Bill McKenzie outlines our approach to the Financial Guidance and Claims Bill, ahead of today’s Second Reading in the Lords
One of the first pieces of government legislation out of the blocks in this new Parliament, and the first Lords starter, is an expected but important consumer bill. Covering in part, provisions which offer support of one form or another – information, guidance, advice – to the public, the Bill also seeks to protect against consumer detriment by strengthening the regulation of claims management companies.
As a high level framework bill however, there is little detail of how things will operate in practice and what level of resources will be available. There will be a merger into one Non-Departmental Public Body (NDPB) of three existing operations: the Money Advice Service, The Pensions Advice Service and Pension Wise. This will have a temporary name of the Single Financial Guidance Body (SFGB) to pre-empt mimicking in the market.
Replacing three organisations with overlapping remits, but different brands, independent strategies and business plans with a single body has the potential to be more efficient. But it is unclear whether the benefits of these efficiencies will be directed to the frontline or enable reduced funding levies.
The government see the priority focus for the SFGB as being provision of debt advice, information and guidance about occupational and personal pensions, helping consumers avoid financial fraud and scams, information on money matters to help improve financial capability, and co-ordination of non-governmental financial education programmes for children. It also has a strategic function to ‘support and develop’ a national strategy to improve the financial capability of the public.
While we support these areas of focus, there is scope to go wider and deeper if we are to secure a step change in the financial capability of our country. Coincidentally, the introduction of this Bill follows the recent publication of a Lords select committee report on Tackling Financial Exclusion, and some of its recommendations – around government leadership, education, the role of the FCA – will be relevant to the debates.
On the matter of debt, recent data shows that against a backdrop of rising prices and stagnant wages growth real incomes have fallen for three successive quarters and savings levels have crashed. Evidence provided to the select committee referred to fears expressed by debt agencies concerning queries covering rent arrears, energy, water and telephone bills, and council tax. And some of this indebtedness relates directly to the impact of government policies, including waiting days for Universal Credit and changes to council tax support.
The SFGB will also have to cope with a pensions sector of increasing complexity and scope. The growth of auto enrolment will bring many more people into new or increased pension savings, while the introduction of ‘pensions freedoms’ bring greater choice over when and how entitlements can be accessed. The latter has also opened the door to financial fraud and scams, exacerbated by the precipitate manner in which the changes were introduced and with some people cheated out of their entire pension savings.

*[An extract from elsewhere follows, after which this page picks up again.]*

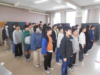 リズムをとって音楽にのりながら,歌を歌っています。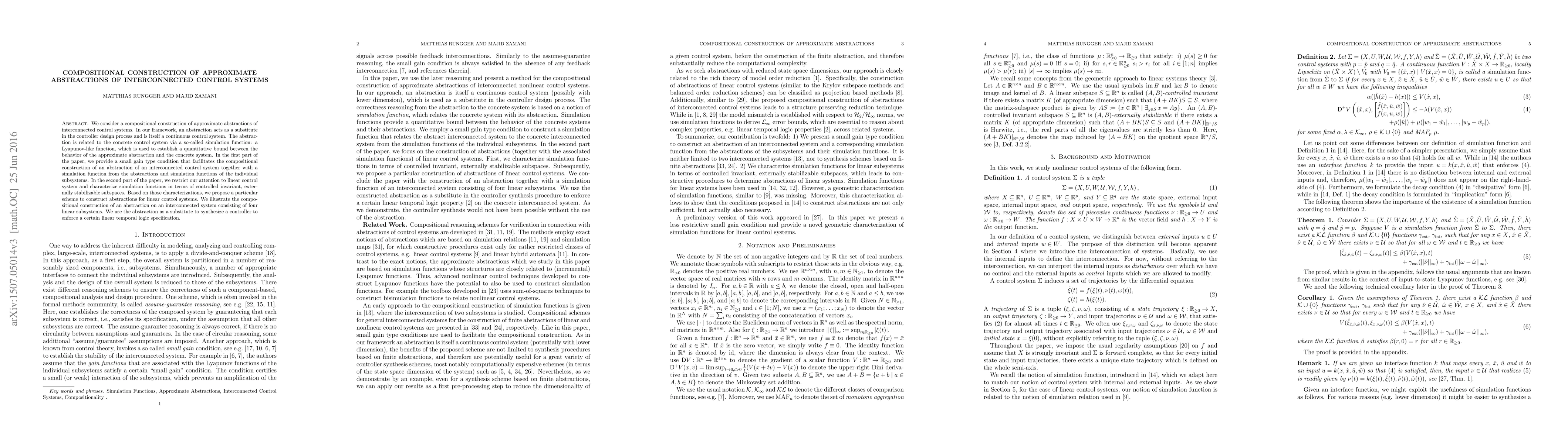 The paper presents a compositional construction approach for approximate abstractions of interconnected control systems using a small gain-type argument. It provides conditions for constructing abstractions and simulation functions, particularly for linear control systems characterized by controlled invariant, externally stabilizable subspaces.

On claims management companies, the Bill provides for a change to regulating the industry – moving responsibility from the Ministry of Justice to the Financial Conduct Authority. The current situation is characterised by poor value for money, information asymmetry, nuisance calls and texts, and the progression of fraudulent claims. It is time to call a halt on such skulduggery, whilst accepting there is a public interest in fostering an effective market.
Overall, this Bill has the potential to deliver consumer benefits. Labour will press the case for these to be maximised.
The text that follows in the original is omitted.